== COLLECTED MATERIAL ==

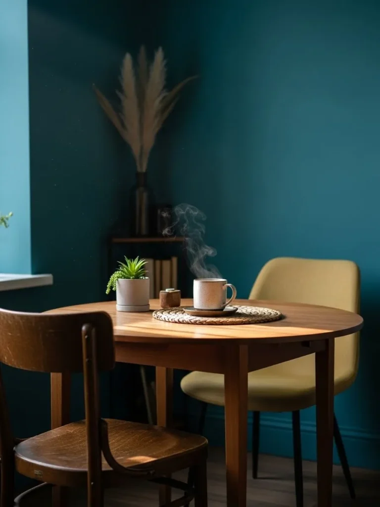 This small dining area uses rich teal walls to create a cozy and intimate setting. A round wooden table and mixed seating add character and comfort, while simple decor keeps the space feeling relaxed and personal. The teal wraps the room in a way that makes it feel inviting rather than enclosed.
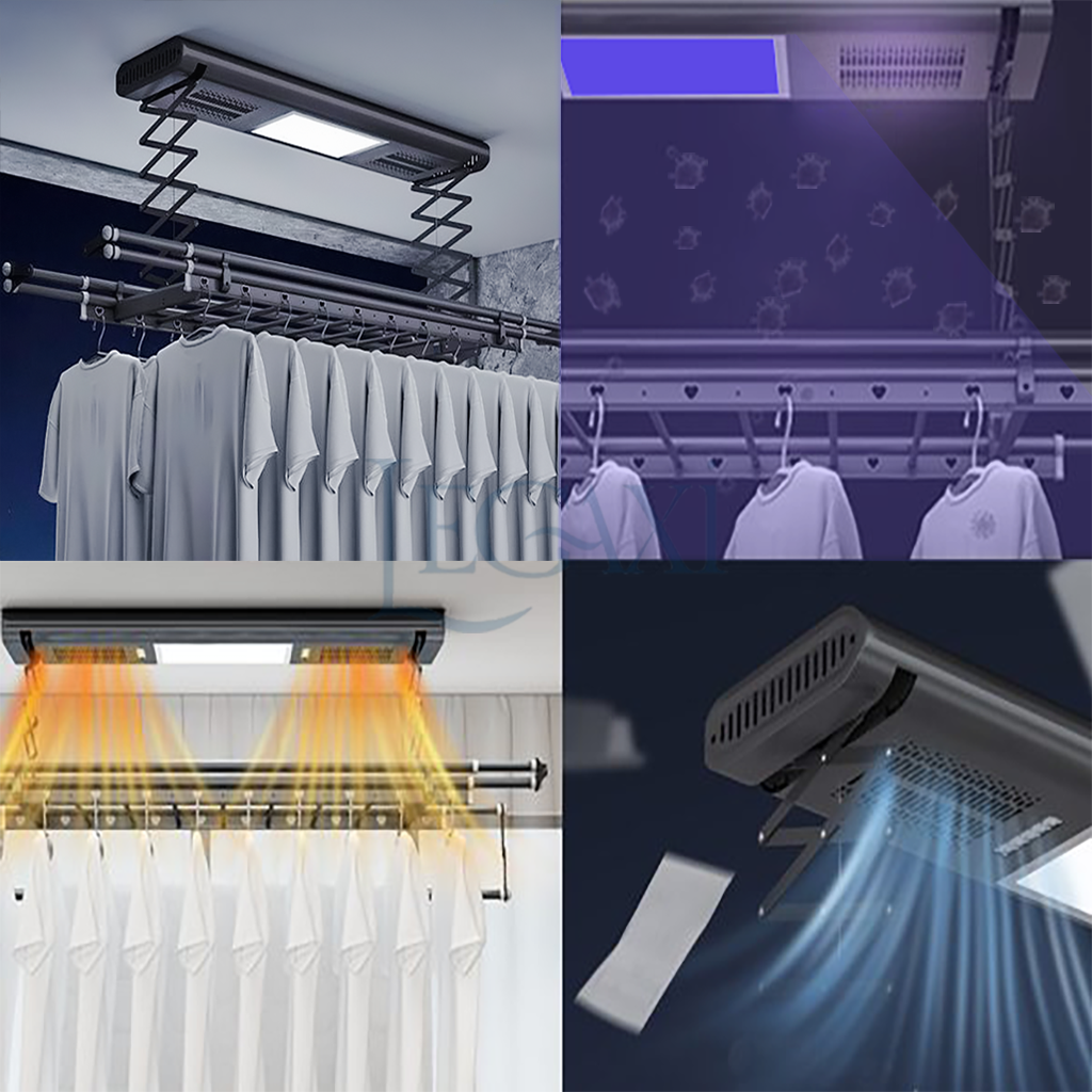 ✨Sào Phơi Đồ Tự Động, Giá Treo Quần Áo Có Quạt Sấy Khô Đèn LED Khử Trùng Tia Cực Tím Remote Gắn Trần Legaxi
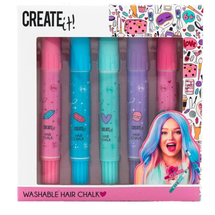 Un set di cinque gessetti colorati per capelli che vi permetteranno di cambiare la vostra acconciatura in modo rapido ed efficace! Il set comprende tonalità pastello (giallo, rosa, blu, viola e verde) che aggiungeranno espressività a qualsiasi acconciatura. I gessetti sono facili da usare, lavabili e adatti ai capelli, così da poterli usare quando si vuole senza preoccupazioni.

== REQUIRED ACTION ==
Would you restate all of the data above word for word, omitting the pictures?

== RESPONSE BELOW ==
 This small dining area uses rich teal walls to create a cozy and intimate setting. A round wooden table and mixed seating add character and comfort, while simple decor keeps the space feeling relaxed and personal. The teal wraps the room in a way that makes it feel inviting rather than enclosed.
 ✨Sào Phơi Đồ Tự Động, Giá Treo Quần Áo Có Quạt Sấy Khô Đèn LED Khử Trùng Tia Cực Tím Remote Gắn Trần Legaxi
 Un set di cinque gessetti colorati per capelli che vi permetteranno di cambiare la vostra acconciatura in modo rapido ed efficace! Il set comprende tonalità pastello (giallo, rosa, blu, viola e verde) che aggiungeranno espressività a qualsiasi acconciatura. I gessetti sono facili da usare, lavabili e adatti ai capelli, così da poterli usare quando si vuole senza preoccupazioni.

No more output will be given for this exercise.